Derek Webb says in one of his songs with Caedmon's, "the only thing I need is a void that you can fill and I jump ship and run even farther in your will/ and I'm looking for the well that won't run dry/ the rest that weary thoughts can not deny/ when you wrap Your arms around me I can walk away or face the emptiest day." I love this verse in this song because it totally speaks to the place I often find myself. The only thing I need is an ache, a void that God can fill.

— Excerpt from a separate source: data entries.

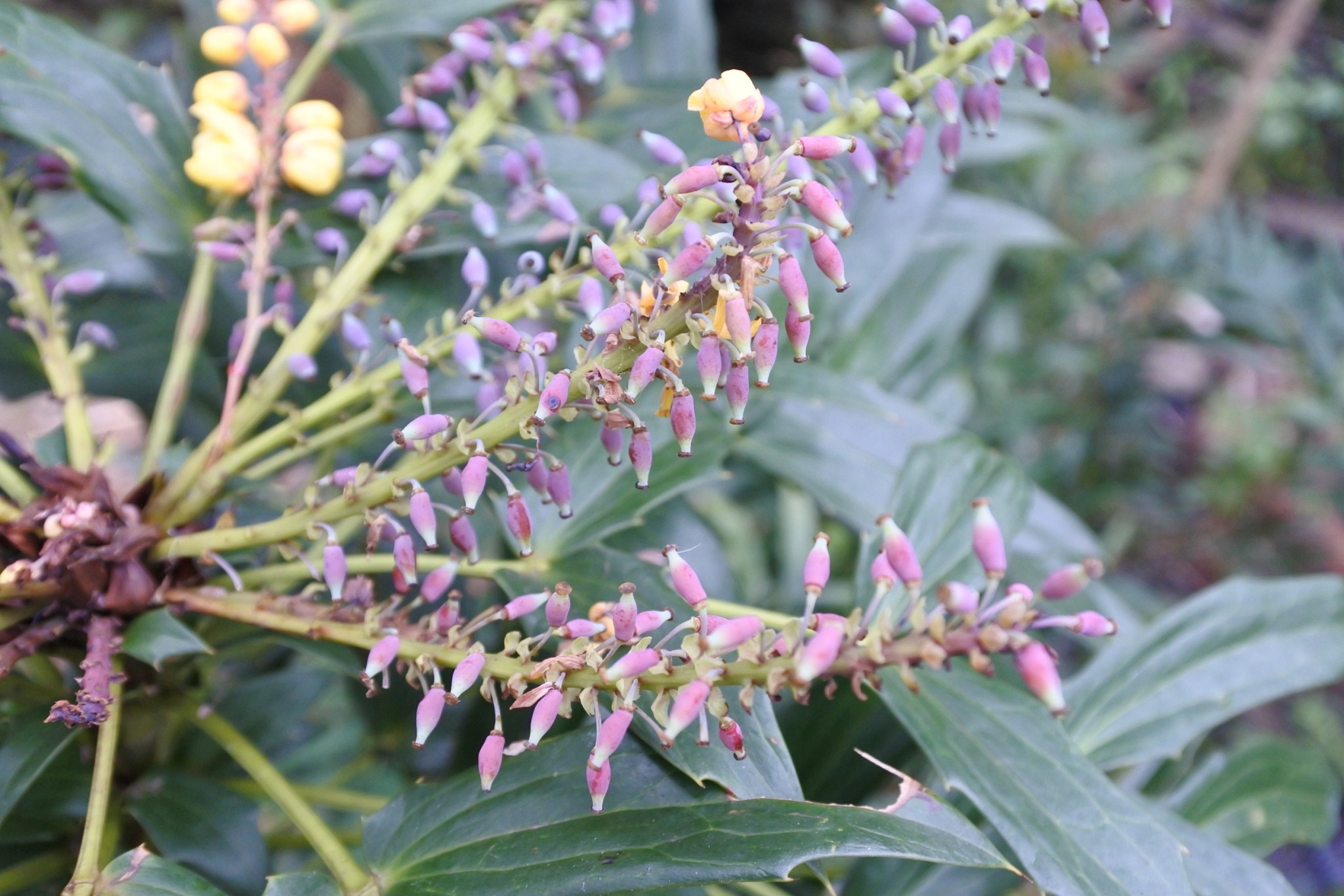 常綠小灌木,株高2.5公尺。一回羽狀複葉,叢生於枝端,小葉12枚,葉革質,葉基歪斜,長橢圓形或卵狀披針形,長約5公分,寬約3公分,具4、5枚齒牙狀鋸齒。總狀花序頂生,長9-19公分,萼片3輪,共9枚,花冠黃色,花瓣6枚,雌蕊6枚,雄蕊1枚。漿果卵圓形,紫黑色,長0.7-0.9公分,肉質,種子多數。
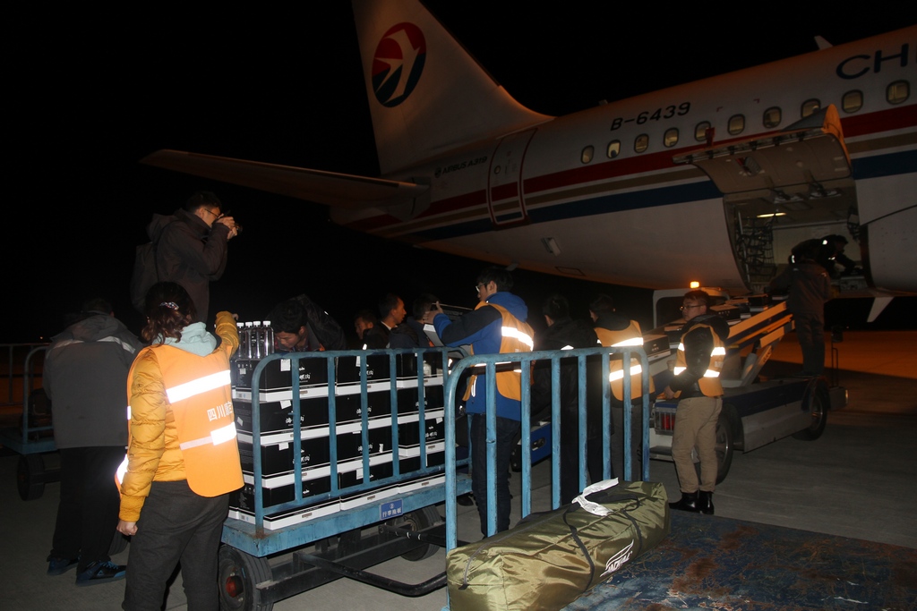 為了盡快給災(zāi)區(qū)人民送去切實需要的救援物資,解決他們的臨時住所和安全飲水等問題,同時也是安撫災(zāi)區(qū)人民的情緒。四川康定機場集團(tuán)公司董事長譚亨帶領(lǐng)機場救援工作組在23日6點28分航班抵達(dá)后,以最快速度裝載好所有物資,全速趕往震中塔公鄉(xiāng)。
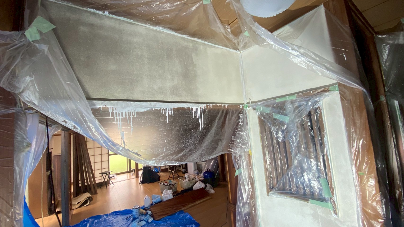 佐原に来てくれた若者が自由に滞在してもらえるような場を作るべく、旧スナック店舗と住居が一体となった建物のリフォームをしています。掃除が終わって物件を見たときに、壁を白く塗ったら清潔感も広さも演出できるんじゃないかと思い、白いペンキで砂壁を塗ってみることにしました。
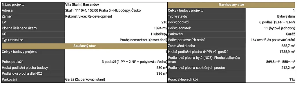 Dům je ideální pro rekonstrukci či náhradu jinou stavbou zapadající do okolního charakteru. Může být nahrazena jednou rodinnou vilou, případně rodinným dvoj domem až o čtyřech NP a jedním PP. Celková výměra HPP pro novou stavbu může dosahovat až 1000 - 1200m2.
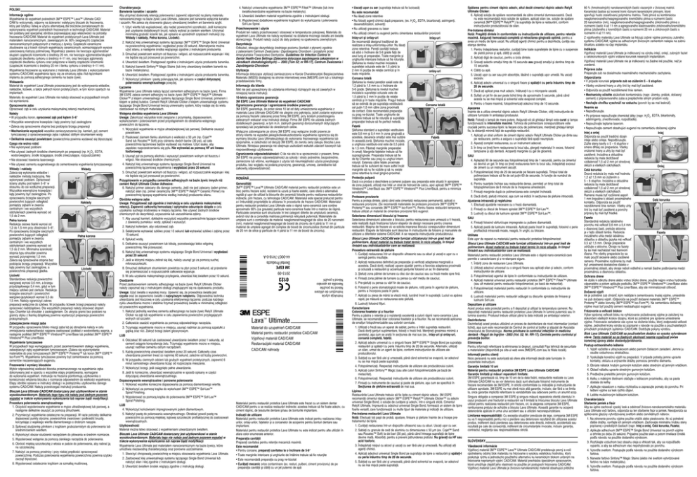 4. Nałożyć uniwersalne wypełnienie 3M™ ESPE™ Filtek™ Ultimate (lub inne światłoutwardzalne wypełnienie na bazie metakrylu). 5. Utwardzić światłem materiał wypełnienia zgodnie z instrukcjami obsługi. 6. Wypolerować dodatkowe wypełnienie krążkami do wykańczania i polerowania Sof-Lex Spiral. Przechowywanie i użycie Produkt ten należy przechowywać i stosować w temperaturze pokojowej. Materiału do wypełnień Lava Ultimate nie należy wystawiać na działanie mocnego światła ani światła słonecznego. Produkt należy zużyć do daty podanej na opakowaniu zewnętrznym. Dezynfekcja Odkażać, stosując dezynfekcję średniego poziomu (kontakt z płynem) zgodnie z zaleceniami Centrum Zwalczania i Zapobiegania Chorobom i przyjętymi przez Amerykańskie Towarzystwo Dentystów. Guidelines for Infection Control in Dental Health-Care Settings (Zalecenia dotyczące zapobiegania zakażeniom w ośrodkach stomatologicznych) — 2003 (Tom 52; nr RR-17), Centrum Zwalczania i Zapobiegania Chorobom Utylizacja Informacje dotyczące utylizacji zamieszczono w Karcie Charakterystyki Bezpieczeństwa Materiału (MSDS) dostępnej na stronie internetowej www.3MESPE.com lub u lokalnego przedstawiciela firmy. Informacja dla klienta Nikt nie jest upoważniony do udzielania informacji różniących się od zawartych w niniejszej karcie instrukcji. 10-letnia ograniczona gwarancja 3M ESPE Lava Ultimate Materiał do wypełnień CAD/CAM Ograniczona gwarancja i ograniczenie środków prawnych: 3M ESPE gwarantuje, że przez okres 10 lat od daty umieszczenia wypełnienia z materiału Lava Ultimate CAD/CAM nie ulegnie ono pęknięciu, jeżeli zostanie wykonane za pomocą frezarki zalecanej przez firmę 3M ESPE, przy ścisłym przestrzeganiu zalecanych wskazań oraz instrukcji obsługi. Firma 3M ESPE nie udziela żadnych dodatkowych gwarancji, w tym m.in. żadnych gwarancji dorozumianych dotyczących sprzedaży lub przydatności do określonych celów. Wyłączne zobowiązanie ze strony 3M ESPE oraz wyłączne środki prawne ze strony klienta na wypadek jakiegokolwiekuszkodzenia wypełnienia ogranicza się do wymiany bloczka Lava Ultimateużytego do wykonania frezowanego wypełnienia lub opcjonalnie, w zależności od decyzji 3M ESPE, do zwrotu ceny zakupu bloczka Lava Ultimate. Niniejsza gwarancja nie obejmuje uszkodzeń wskutek zdarzeń losowych lub nieprawidłowego użytkowania. Ograniczenie odpowiedzialności: O ile nie stoi to w sprzeczności z prawem, firma 3M ESPE nie ponosi odpowiedzialności za szkody i straty pośrednie, bezpośrednie, zamierzone lub wtórne, wynikające z użycia lub nieumiejętności użycia powyższego produktu, bez względu na podaną przyczynę, gwarancję, umowę, zaniedbanie lub całkowitą odpowiedzialność. Română Generalităţi 3M™ ESPE™ Lava™ Ultimate CAD/CAM material pentru restaurări protetice este un bloc pentru frezare solid, rezistent la uzură şi foarte estetic, care oferă o alternativă rapidă şi uşor de utilizat la blocurile din ceramică folosite pentru realizarea restaurărilor indirecte, prin frezare, cu tehnologia CAD/CAM. Materialul este special prelucrat pentru a-i îmbunătăţi proprietăţile la utilizarea în procedurile de frezare CAD/CAM. Materialul pentru restaurări protetice Lava Ultimate este o răşină nano-ceramică care conţine aproximativ 80% (ca greutate) particule nano-ceramice fixate într-o matrice de răşină. Particulele ceramice sunt structurate în trei categorii diferite de umplutură ceramică, având rolul de a consolida matricea polimerică reticulară puternică. Materialele de umplere sunt o combinaţie de material neaglomerat/neagregat de silice de 20 nanometri (nm), material neaglomerat/neagregat de bioxid de zirconiu de 4 până la 11 nm şi material de umplere agregat din complex de bioxid de zirconiu/silice (format din particule de 20 nm de silice şi particule de 4 până la 11 nm de bioxid de zirconiu). Instrukcja użycia Instrucţiuni de utilizare Návod na použitie Navodila za uporabo Návod k použití Informacje ogólne Wypełnienie do wypełnień pośrednich 3M™ ESPE™ Lava™ Ultimate CAD/ CAM to wytrzymały, odporny na ścieranie i estetyczny bloczek do frezowania, który jest szybką i łatwą w użyciu alternatywą dla bloczków porcelanowych do wykonywania wypełnień pośrednich frezowanych w technologii CAD/CAM. Materiał ten poddany jest specjalnej obróbce poprawiającej jego właściwości na potrzeby frezowania CAD/CAM. Materiał do wypełnień protetycznych Lava Ultimate jest materiałem nanoceramicznym, zawierającym ok. 80% (wagowych) cząsteczek nanoceramicznych połączonych z matrycą z żywicy. Cząsteczki ceramiczne zbudowane są z trzech różnych wypełniaczy ceramicznych, wzmacniających wysoce usieciowaną matrycę polimerową. Wypełniacz zawiera nie tworzące aglomeratów/ skupień cząsteczki krzemionki o średnicy 20 nm, nie tworzące aglomeratów/skupień cząsteczki dwutlenku cyrkonu o średnicy 4–11 nm, oraz tworzące aglomeraty cząsteczki dwutlenku cyrkonu oraz połączone w klastry cząsteczki krzemionki (cząsteczki krzemionki o średnicy 20 nm i tlenku cyrkonu o średnicy 4–11 nm). Wypełnienia frezowane są wykonane z materiału Lava Ultimate z wykorzystaniem systemu CAD/CAM; wypełnienia łączy się ze strukturą zęba i/lub łącznikami implantu za pomocą adhezyjnego cementu na bazie żywic. Wskazania Materiał do wypełnień Lava Ultimate przeznaczony jest do wykonywania wkładów, nakładów, licówek, a także pełnych koron protetycznych, w tym koron opartych na implantach. Materiału do wypełnień Lava Ultimate nie należy stosować w przypadkach innych niż wymienione. Opracowanie zęba Opracować ząb w celu uzyskania maksymalnej retencji mechanicznej. Należy • W przypadku koron, opracować ząb pod kątem 5–6° • Wszystkie wewnętrzne krawędzie i kąty powinny być zaokrąglone • Zaleca się opracowanie stopnia bez podcięc
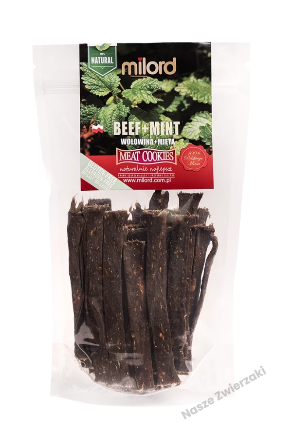 Wyjątkowo aromatyczne przysmaki MILORD z wołowiną i miętą pieprzową to połączenie intensywnego smaku mięsa z delikatnym, odświeżającym dodatkiem ziołowym. Zawierają aż 99% mięsa mięśniowego z wołowiny oraz 1% mięty pieprzowej, która wspiera układ trawienny psa, łagodzi dolegliwości żołądkowe i działa rozkurczowo. Dodatkowo dostarcza cennych witamin (A, C, B1, B9) i minerałów (żelazo, potas, cynk, magnez).
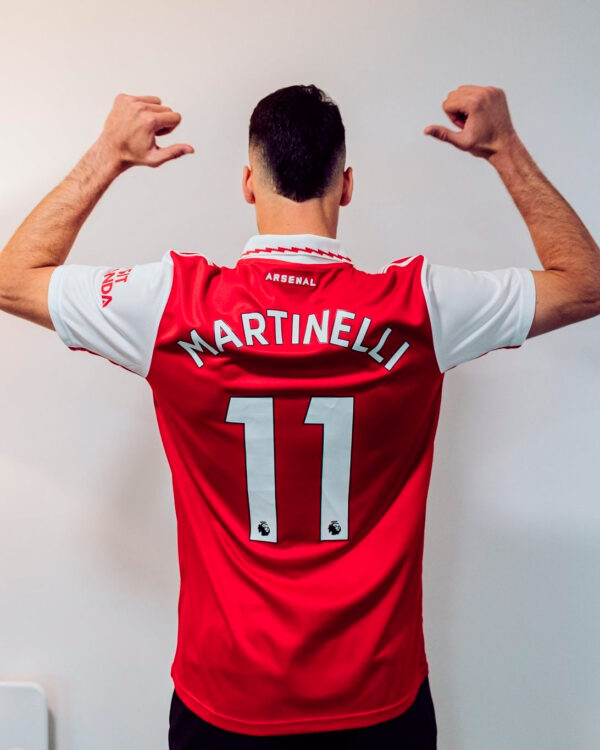 Il resto della casacca rispecchia il modello ideato da Herbert Chapman, corpo rosso e maniche bianche con l’aggiunta della scritta “Arsenal” applicata sul retro del collo.

Despite my enlightenment of these truths, I have still struggled intensely in the days following. The same hopeless and apathetic spirit overcomes me without warning. It has become a daily battle. I believe there are spiritual weights and implications to this season, and I have to continue to cling to the Lord despite how I feel. There is a lesson to be learned in this season, and I pray that I would be able to keep my eyes fixed on the mountain mover and not the moutain, rest in His provision, and cry out for my desire to be for Him and Him alone.